SNP Subsets

Warning, the following is complicated, but only advanced users need understand.

When Calculating Taggings, you first require a Reference Panel. Then you must decide three sets of SNPs. The Reference SNPs are those used in the reference panel to compute the expected heritability tagged by each SNP. The Regression SNPs are the subset of Reference SNPs used to estimate the parameters in the heritability model (by regressing the summary statistics on the tagging file). The Heritability SNPs are the subset of Reference SNPs used to calculate estimates of SNP heritability (given the parameter estimates).

As a reference panel, we recommend using an imputed or sequenced dataset (ideally with at least 2000 samples), retaining SNPs with MAF above 0.005 and information score above 0.8 (for human data, there will typically be 8-10M Reference SNPs).

By default, the Reference SNPs are all SNPs in the reference panel. There is normally no reason to change this.

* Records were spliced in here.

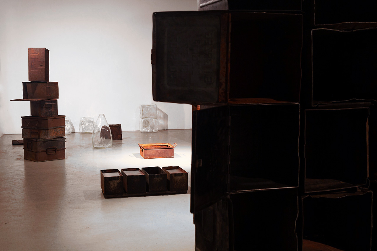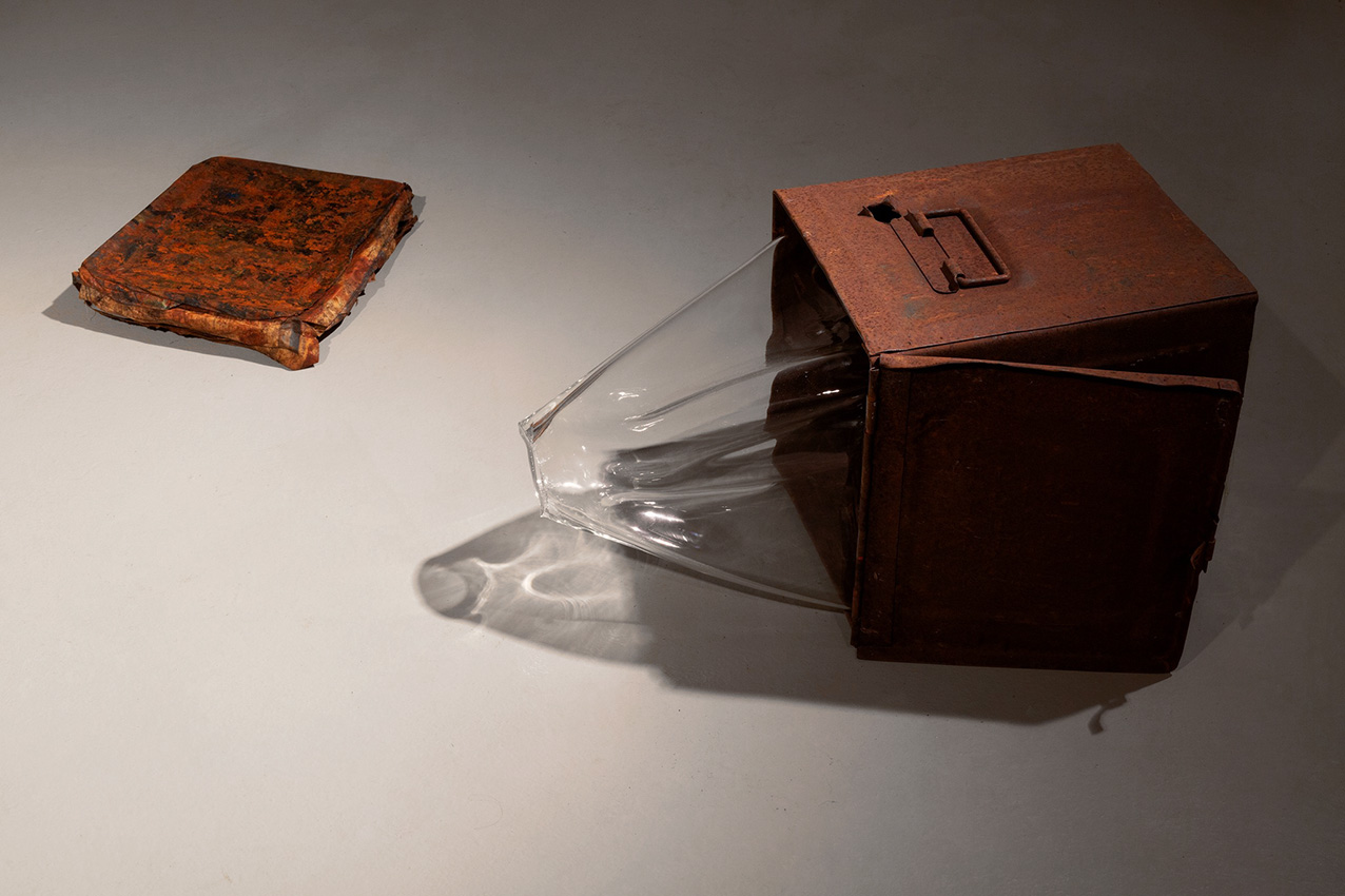 wystawa indywidualna: instalacja artystyczna złożona z 14 obiektów wykonanych ze szkła, metalowych skrzynek, wody, żywicy, papieru / Galeria AT, UAP w Poznaniu (2023)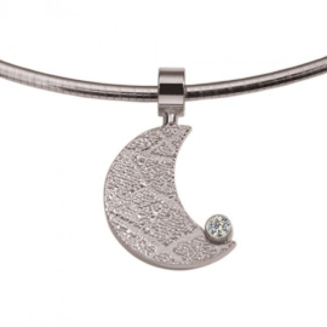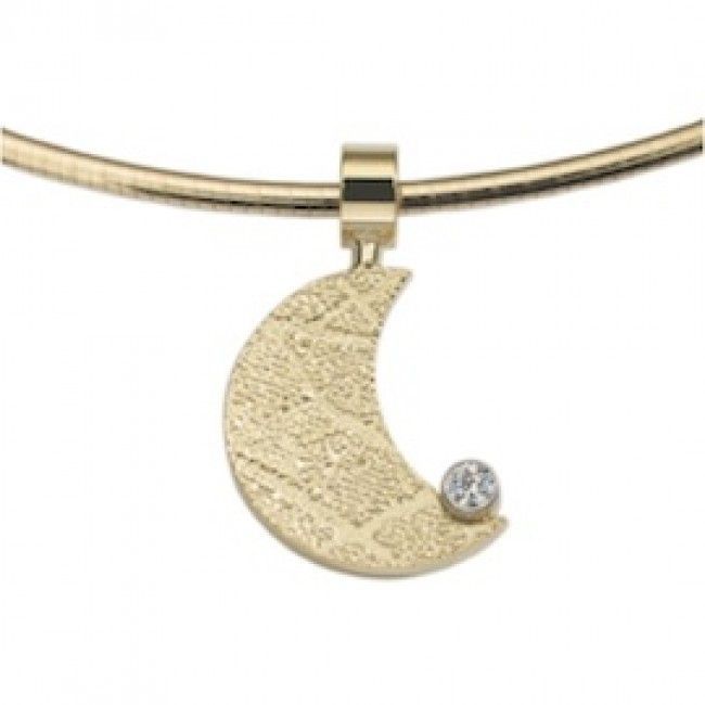 The Moon is a lunar shaped pendant of about 16 mm, which can be provided with a part of a footprint. Gold version with diamond cut: 0.05 carat or a 2.5mm zirconia, in silver with a 2.5mm zirconia.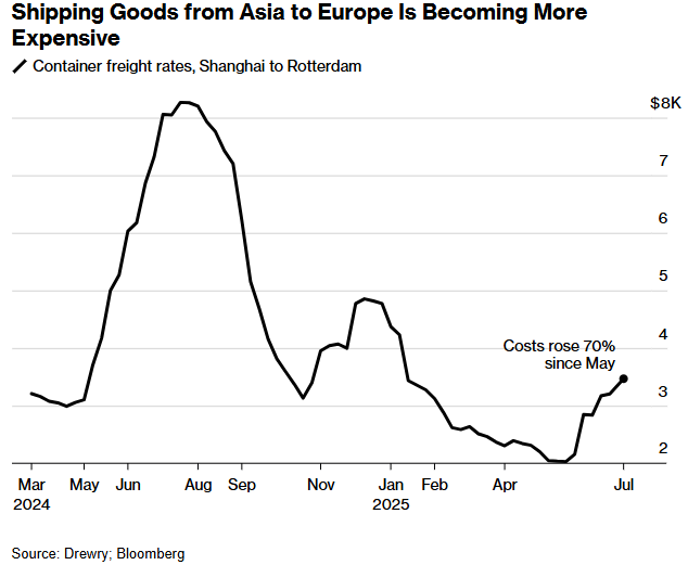 美国企业急于在特朗普总统最新一轮加征关税生效前进口产品,由此产生的需求推高了运费。这吸收了运力,并推高了通往欧洲大陆和英国的其他贸易航线的运输成本。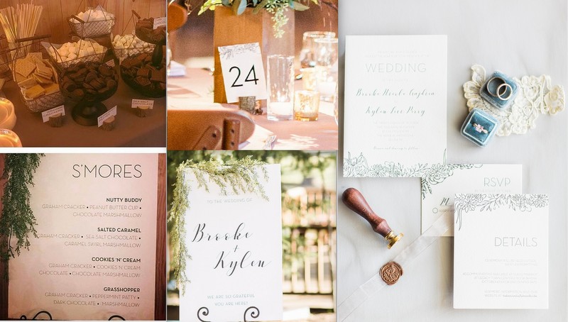 Our graphic designer bride Brooke did a beautiful job for her wedding design creating letterpressed invitations, table numbers, escort cards, and signage. Additionally, Brooke’s family created their own S’mores station for a fun dessert for guests!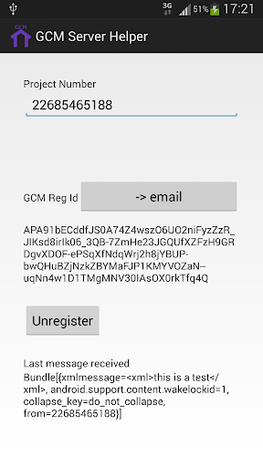 3. Send the assigned GCM registration id by email to you server\'s developer workstation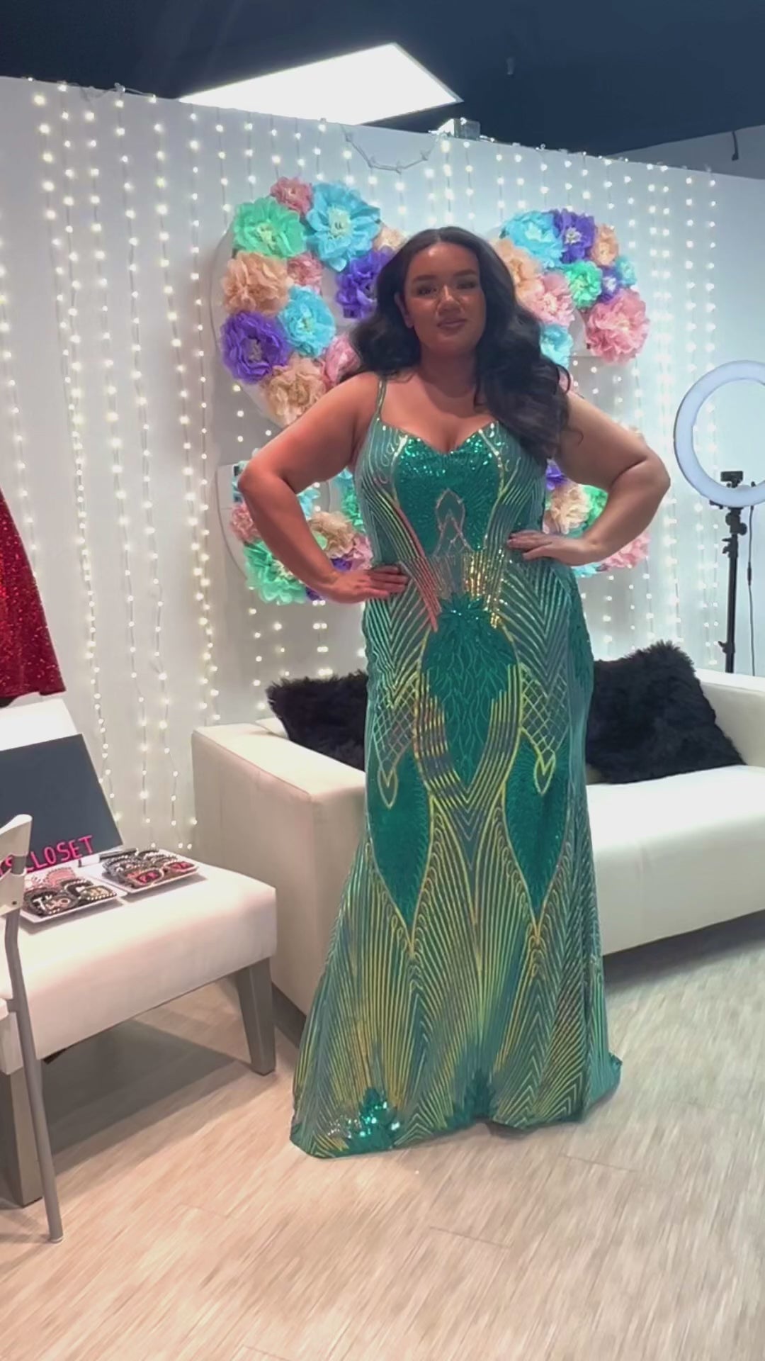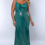 You will be the fashionista who stands out at Prom 2025 or any fancy formal event when you this trendy fitted plus size Mermaid dress. Eye-catching sequins on stretch mesh net sparkle in a shiny Art Deco pattern that creates a slimming vertical line, Sweep train on slim, fitted skirt adds to the elegant look. The bra-friendly straps, in matching sequins, mean you don't have to wear a fussy strapless. Blue, Emerald, Magenta. See unique sparkly long gown now. A stretch lining gives you all the freedom to look glamorous and be comfortable on your big night. Tease Prom styles TE2402 designed for curvy women in plus sizes 14 to 24. Stunning in your choice of Emerald Green, Magenta Pink or Royal Blue.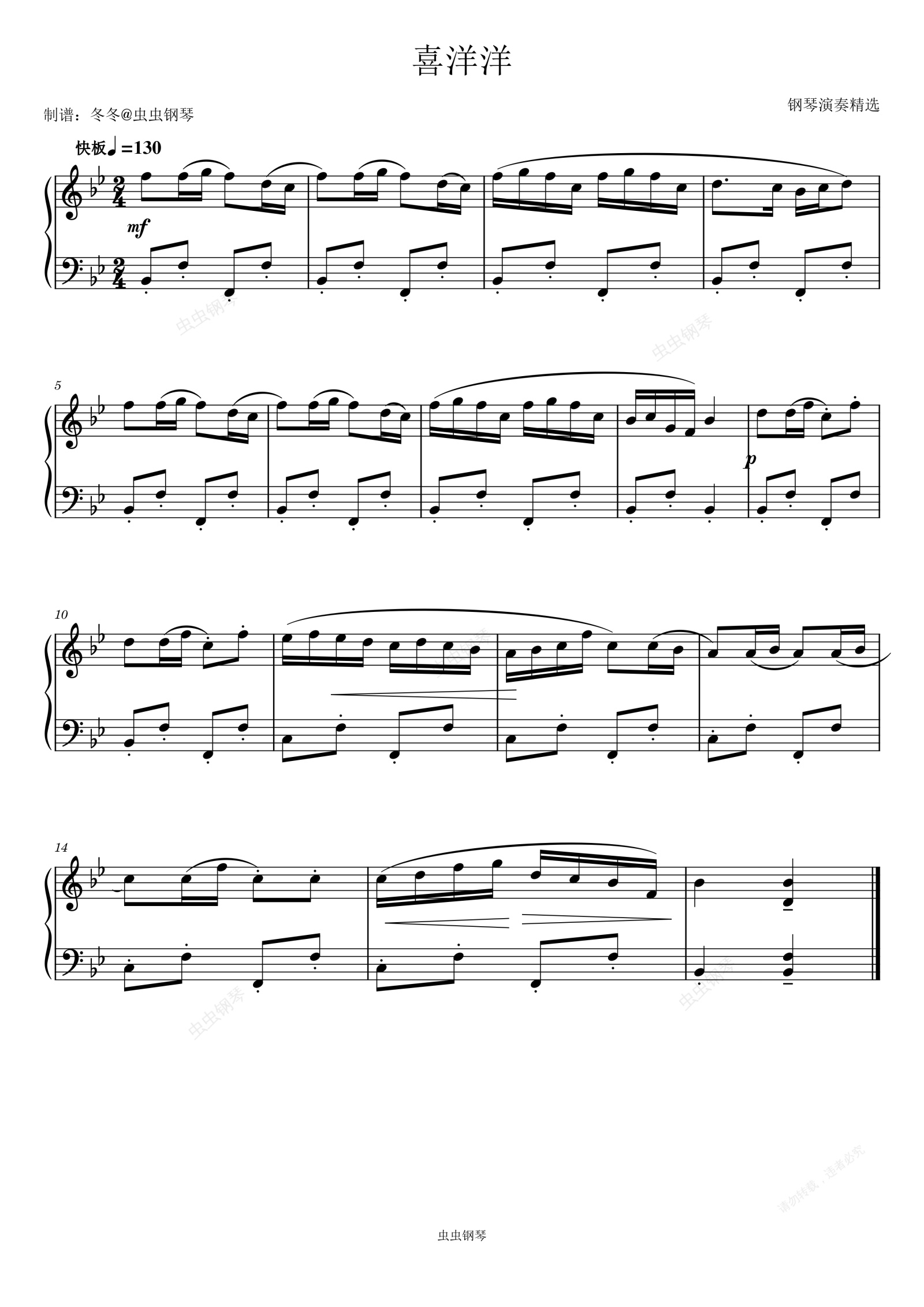 钢琴谱:喜洋洋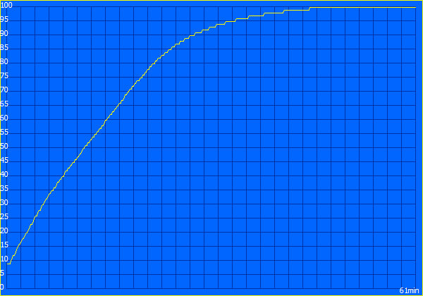 Das Gerät unterstützt Rapid Charge Pro, also das schnelle Laden des Akkus. Die Funktion kann in der Vantage-Software aktiviert werden und führt tatsächlich zu einer deutlichen Verkürzung der Ladedauer. Im normalen Modus ist die Ladekurve sehr linear und ein voller Ladevorgang dauert bei eingeschaltetem Gerät 102 Minuten. Mit aktivierter Schnelllade-Funktion sind es rund 40 Minuten weniger und 80 % sind nach gerade einmal 22 Minuten wieder verfügbar.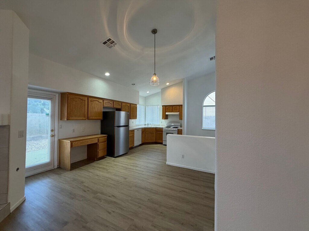 This inviting 3 bed, 2 bath single-story home has been fully refreshed with brand new flooring, new carpet, updated appliances, and fresh interior paint. The layout is bright and comfortable, and both the front and backyard feature low-maintenance landscaping for easy living. A truly move-in-ready home! Contact Khristina today for more information and to schedule your private showing! Application - $100 Admin Fee - $150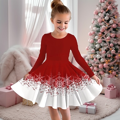 Mädchen' 3D Weihnachtsbaum Schneeflocke Kleid Schneeflockenkleid Langarm 3D-Druck Herbst Winter Urlaub Sport & Natur Täglich Kuschelig Brautkleider schlicht Schön kinderkleidung 3-12 Jahre Casual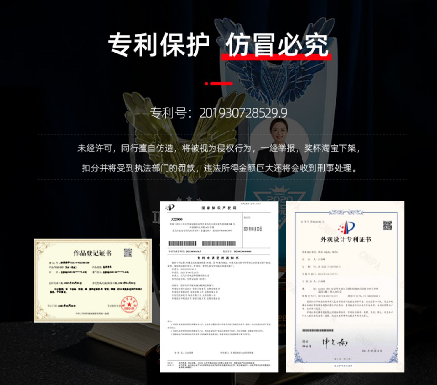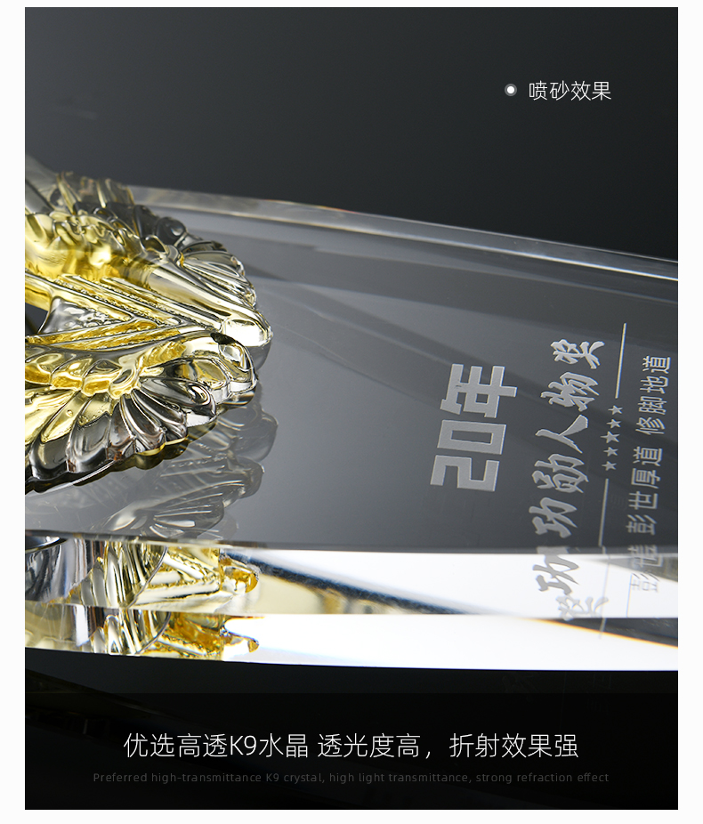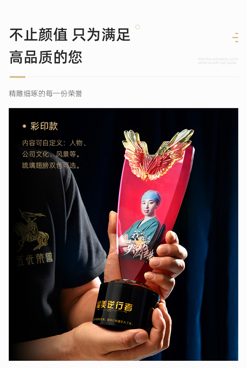 1022 / 新款翅膀高档大气水晶奖杯奖牌创意定做定制优秀员工周年庆纪念品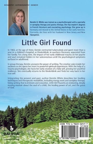 In 1963, at the age of three, Kerstin contracted tuberculosis and spent more than a year in a childrens hospital, or Kinderklinik, in southern Germany, separated from her family. For a long time, the impact of her early childhood trauma on her psyche and soul remained hidden in her subconscious until the psychological symptoms surfaced in adulthood. In group therapy, Kerstin uncovers the power of writing. The creative voice inside her awakens as she opens her heart to powerful spiritual experiences. With the help of a trauma psychologist, she faces her early creation of a false self, proving her youthful resilience. She eventually returns to the Kinderklinik and finds her way back to her true self. Integrating the present and past, author Kerstin White describes her healing techniques and therapeutic modalities, including energy work and sandplay therapy. Using writing that is intimate and evocative, Little Girl Found is an endearing, deeply moving memoir about the soul of a child, the healing power of art, and the grace of God.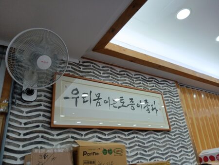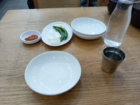 テーブルの上には白菜キムチとカクテキが入った大型の壺。自由に食べられる。牛丼屋の紅ショウガと同じ要領だが、もちろんこちらの方がボリューム満点。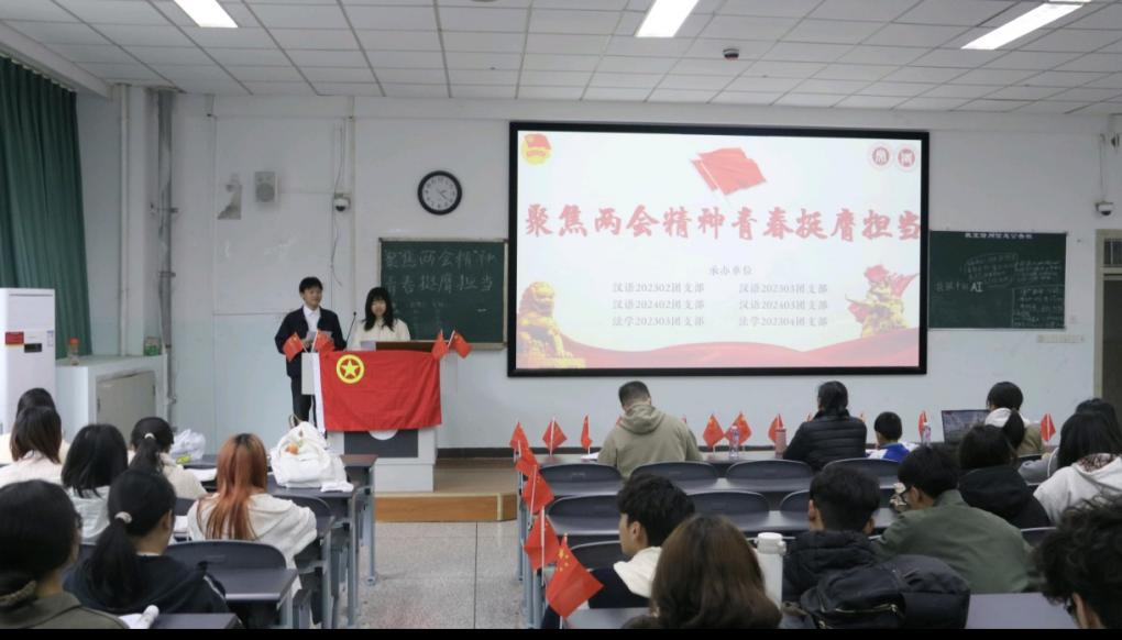 为组织动员全校团员与青年聚焦两会精神,鼓励当代青年成为德智体美劳全面发展的时代新人,3月28日14:20,由汉语202302班团支部、汉语202303班团支部、汉语202402班团支部、汉语202403班团支部、法学202303班团支部、法学202304班团支部联合承办的以“聚焦两会精神,青春挺膺担当”为主题的班团活动在10-A201顺利开展。本次班团活动由唐子涵、舒俊松两位同学主持。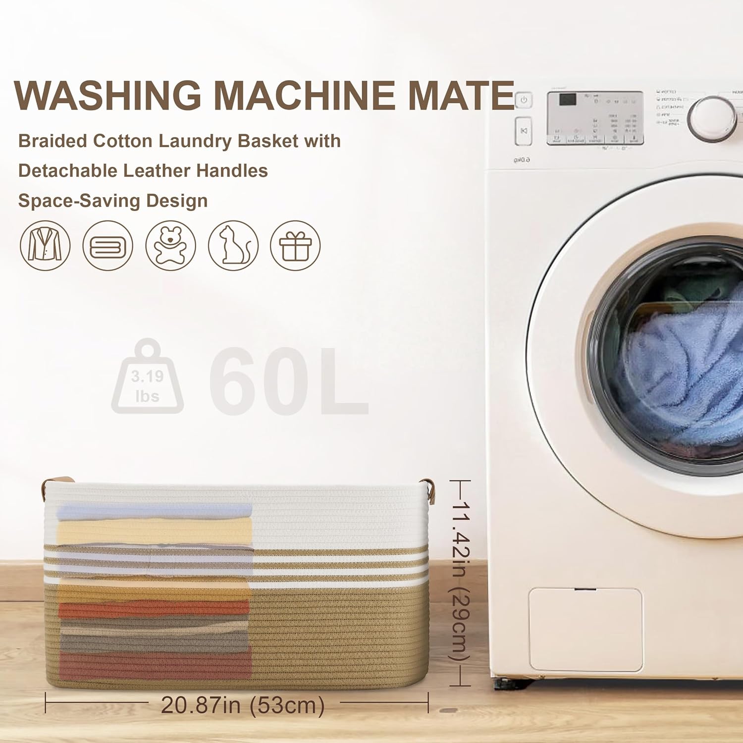 - HOUSEHOLD STORAGE SOLUTION: 60L oversized basket. The extra large basket can hold the entire family's daily laundry and can be used as a toy storage basket, a baby laundry basket, a nursery laundry basket, a blanket/throw storage for living room or a towel basket for bathroom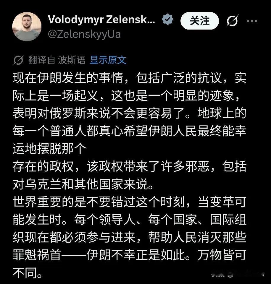 泽连斯基用波斯语发文,声援伊朗人民: 现在伊朗发生的事情,包括广泛的抗议,实际上是一场起义,这也是一个明显的迹象,表明对俄罗斯来说不会更容易了。地球上的每一个普通人都真心希望伊朗人民最终能幸运地摆脱那个 存在的政权,该政权带来了许多邪恶,包括对乌克兰和其他国家来说。 世界重要的是不要错过这个时刻,当变革可能发生时。每个领导人、每个国家、国际组织现在都必须参与进来,帮助人民消灭那些罪魁祸首——伊朗不幸正是如此。万物皆可不同。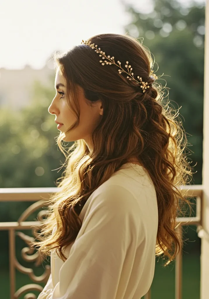 Long cascading waves flow beautifully down the back, softly gathered into a half-up style. The golden hair accessory adds a hint of sparkle without being over the top, catching the light like holiday décor in the best way. The warm chestnut tones glow under soft daylight, giving this look a dreamy, classic feel.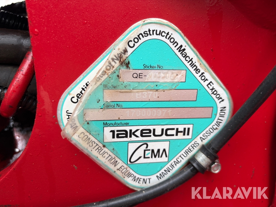 Grävmaskin Takeuchi TB370 med tiltrotator, grip och 6 st redskap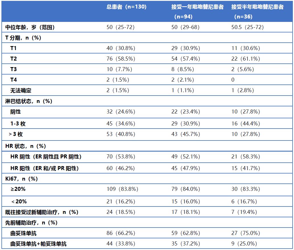 130名患者的中位年龄为50岁;90名患者(69.2%)T分期≥2;98名患者(75.4%)发生淋巴结转移,其中53名患者(40.8%)淋巴结转移>3枚;60名患者(46.2%)为激素受体阳性;24名患者(18.5%)既往接受过新辅助治疗,均未达到pCR;44名患者(33.8%)辅助阶段接受了曲妥珠单抗联合帕妥珠单抗双靶治疗(表1)。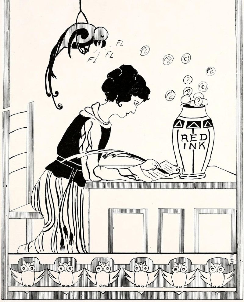 #vintage illustration #owl #parrot #vintage yearbook #yearbook #quill pen #1920s #teacher #red ink

By default, the Regression SNPs are all Reference SNPs. While there is no need to change this (changing the Regression SNPs should not affect the results), there are computational advantages to reducing the number of Regression SNPs (this will result in a smaller tagging file, and reduce the time it takes to regress the summary statistics on the tagging file). Therefore, we recommend using approximately 1M of the Reference SNPs (either picked at random or by restricting to HapMap3 SNPs, a list of which you can download here). Note that when regressing the summary statistics on the tagging file, Regression SNPs without summary statistics will be ignored. Therefore, if you know in advance the SNPs with summary statistics, you can first reduce to these (then from these pick 1M, or reduce to HapMap3 SNPs).

By default, the Heritability SNPs are all Reference SNPs, and this is our preference. The authors of LDSC instead recommend using only SNPs with MAF>.05, but our view is that provided you use a sensible heritability model, this should not be necessary.